#### INPUT DATA
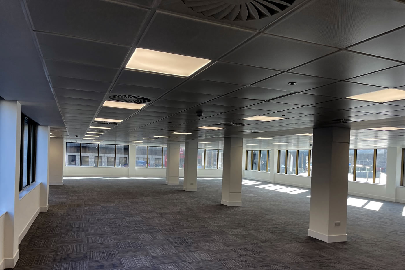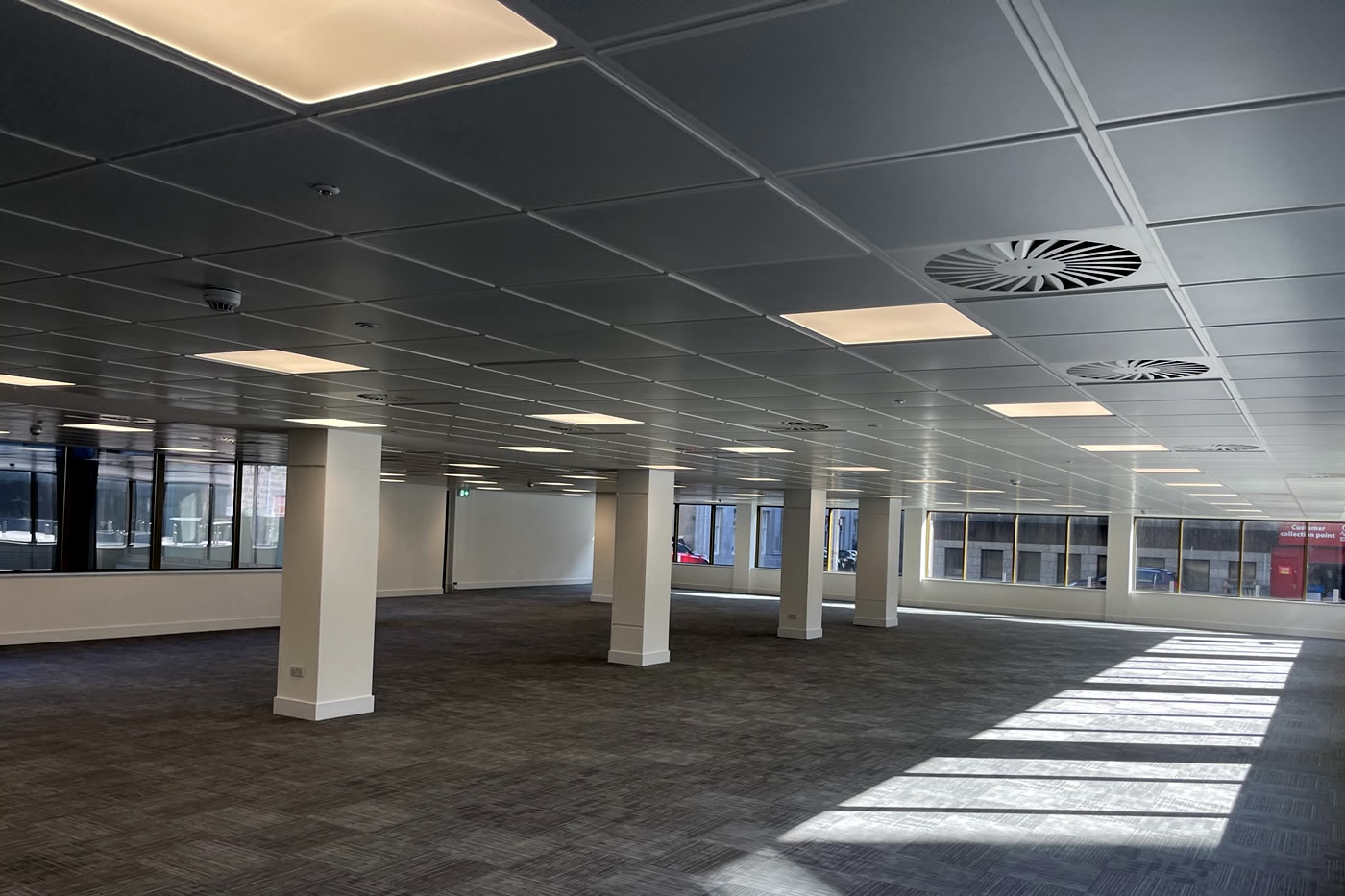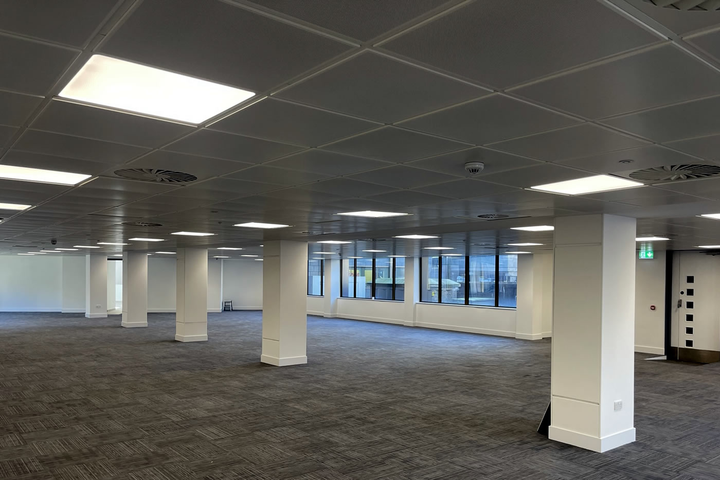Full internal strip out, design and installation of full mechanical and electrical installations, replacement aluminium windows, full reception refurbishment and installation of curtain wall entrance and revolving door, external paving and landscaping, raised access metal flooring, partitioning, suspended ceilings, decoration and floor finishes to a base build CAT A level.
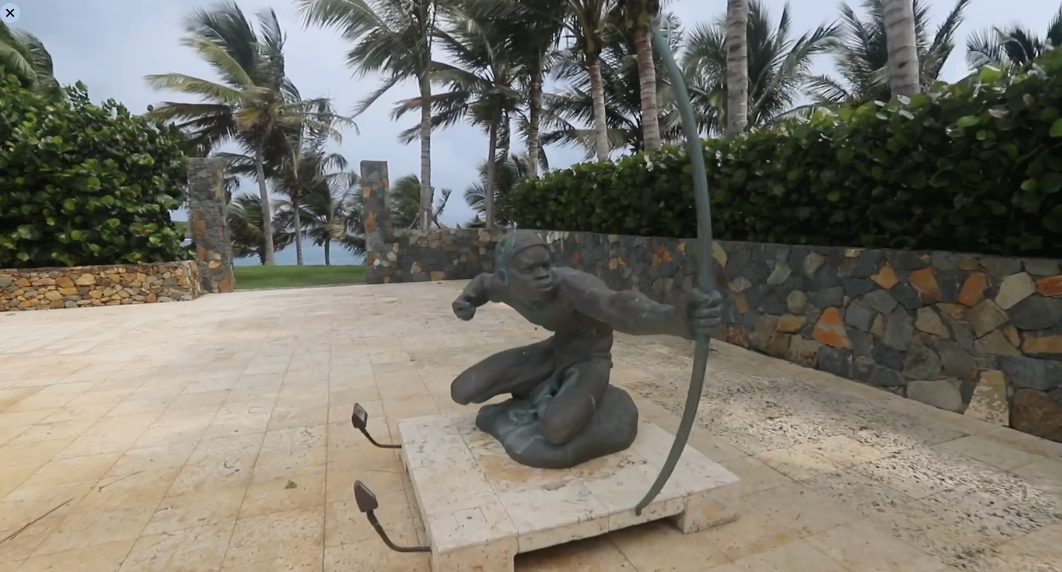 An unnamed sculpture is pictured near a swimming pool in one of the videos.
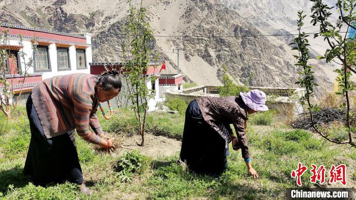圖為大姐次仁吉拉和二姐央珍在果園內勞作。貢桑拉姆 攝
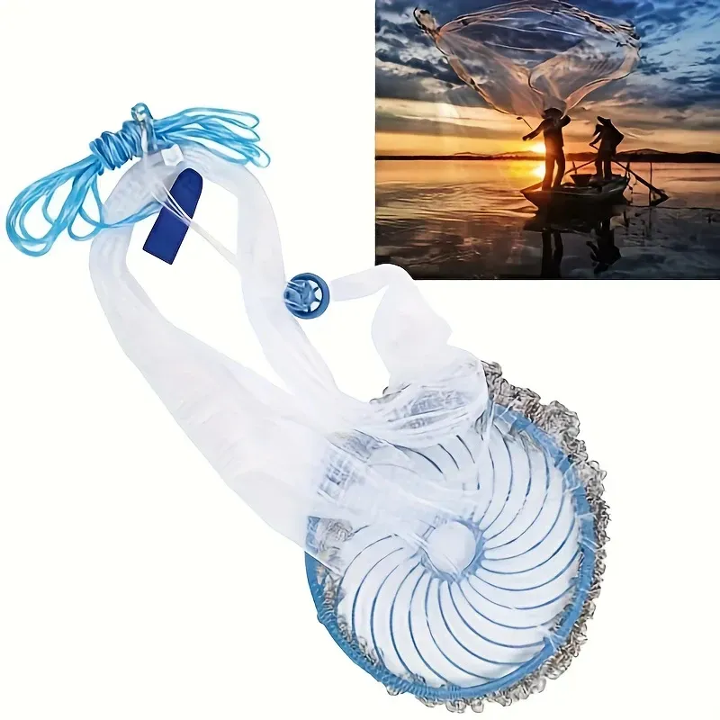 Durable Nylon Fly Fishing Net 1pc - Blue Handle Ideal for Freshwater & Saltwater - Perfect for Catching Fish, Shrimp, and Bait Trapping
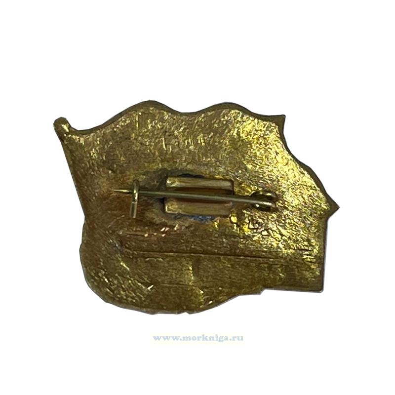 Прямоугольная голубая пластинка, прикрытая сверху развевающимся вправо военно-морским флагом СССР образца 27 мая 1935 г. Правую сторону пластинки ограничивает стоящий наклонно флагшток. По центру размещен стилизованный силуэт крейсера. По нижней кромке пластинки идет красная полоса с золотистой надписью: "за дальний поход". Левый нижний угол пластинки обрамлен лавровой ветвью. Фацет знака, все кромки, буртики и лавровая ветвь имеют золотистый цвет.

#### ASSIGNMENT
The material above holds pictures; leave them out and set down exactly the lines from the line with "圖為大姐次仁吉拉和二姐央珍在果園內勞作。貢桑拉姆 攝" to the line with "Durable Nylon Fly", both included.

#### OUTPUT FOR THIS TASK
圖為大姐次仁吉拉和二姐央珍在果園內勞作。貢桑拉姆 攝
 Durable Nylon Fly Fishing Net 1pc - Blue Handle Ideal for Freshwater & Saltwater - Perfect for Catching Fish, Shrimp, and Bait Trapping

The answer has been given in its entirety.